#### Recorded information
=== Section Start ===

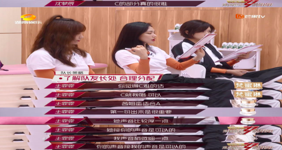 情景12:在第二次公演排練的過(guò)程中,丁當(dāng)(隊(duì)長(zhǎng))根據(jù)每個(gè)人的特色分配最適合的段落,也會(huì)調(diào)整隊(duì)員唱歌的小問(wèn)題。
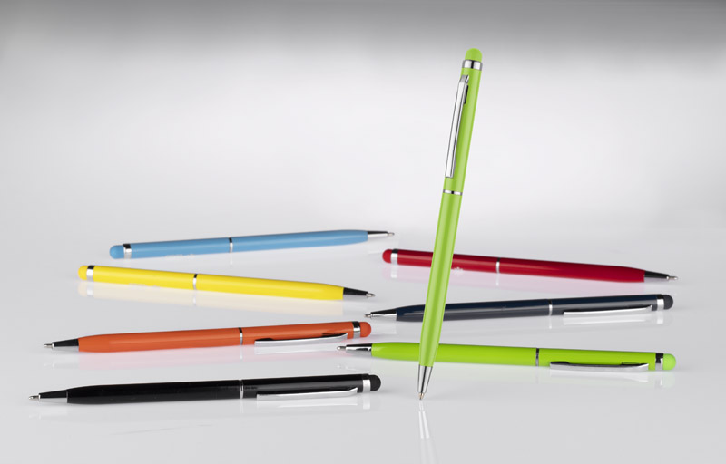 Nowa, ulepszona wersja dobrze znanego modelu. TIN 2 to cienki, metalowy długopis z kolorową końcówką do ekranów dotykowych (touch). Długopis posiada mechanizm typu ""twist"". Wkład w kolorze niebieskim.
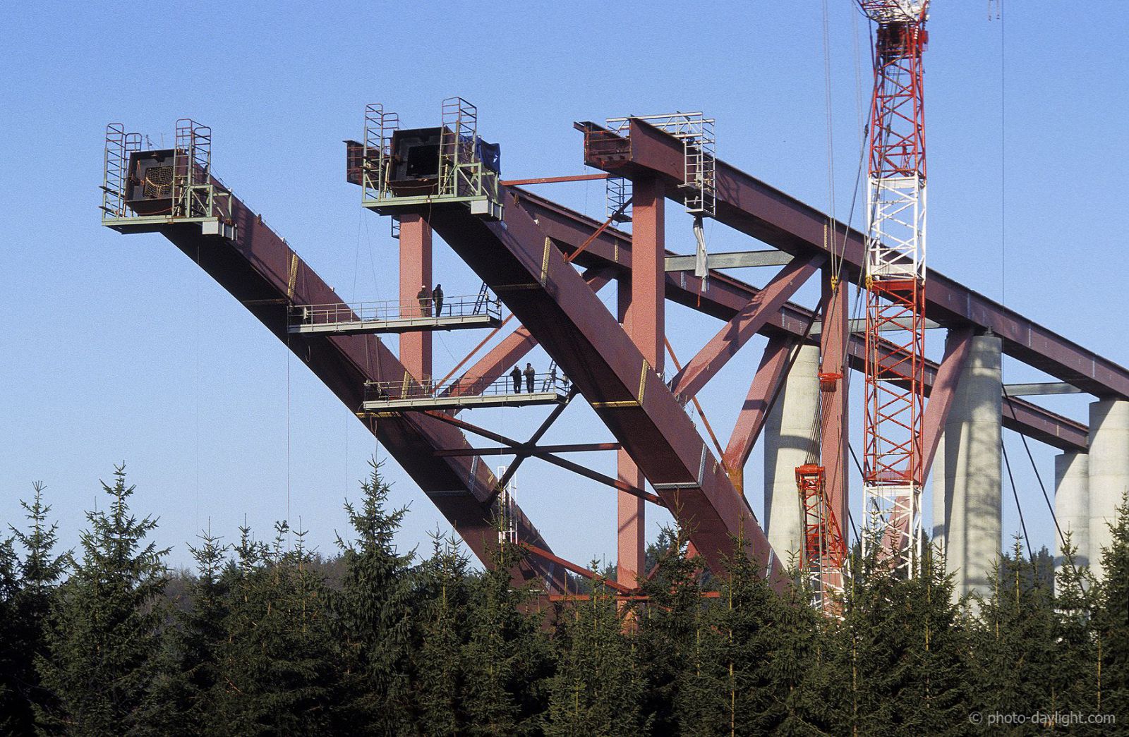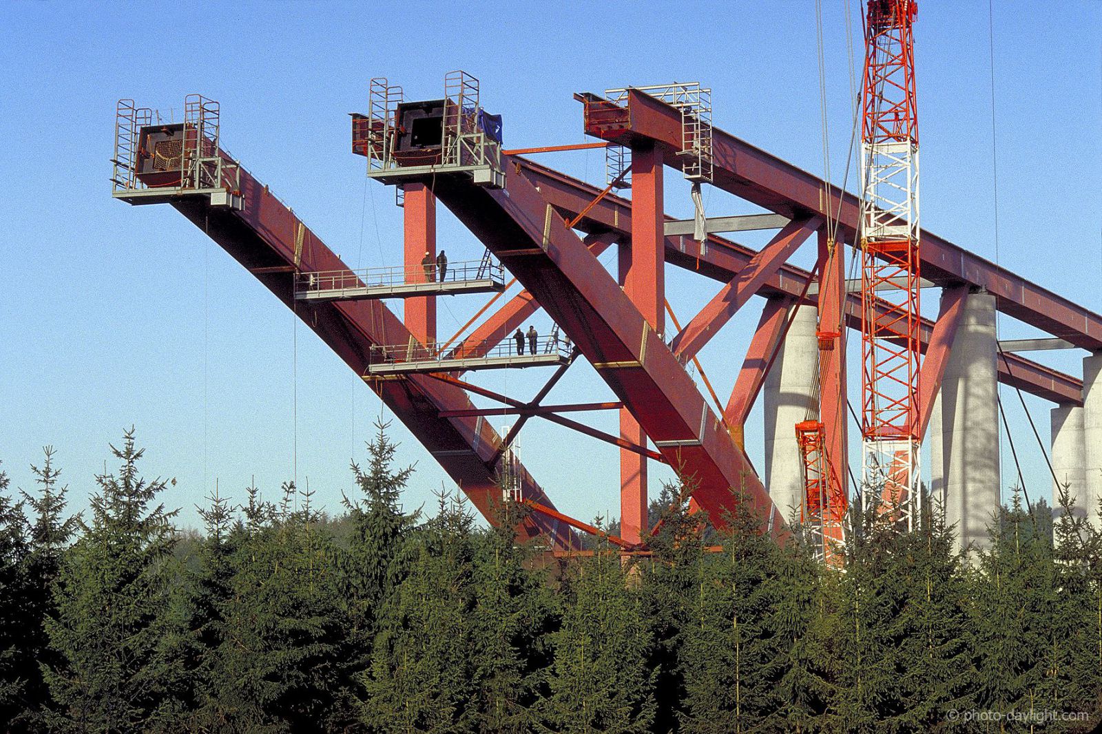 The composite deck was partially launched and partially erected by crane. It is composed of a concrete deck without cross girders and two rectangular steel boxes

=== Section End ===

#### What the task requires
Transcribe all of the material exactly, leaving out whatever pictures it contains.

#### Response
 情景12:在第二次公演排練的過(guò)程中,丁當(dāng)(隊(duì)長(zhǎng))根據(jù)每個(gè)人的特色分配最適合的段落,也會(huì)調(diào)整隊(duì)員唱歌的小問(wèn)題。
 Nowa, ulepszona wersja dobrze znanego modelu. TIN 2 to cienki, metalowy długopis z kolorową końcówką do ekranów dotykowych (touch). Długopis posiada mechanizm typu ""twist"". Wkład w kolorze niebieskim.
 The composite deck was partially launched and partially erected by crane. It is composed of a concrete deck without cross girders and two rectangular steel boxes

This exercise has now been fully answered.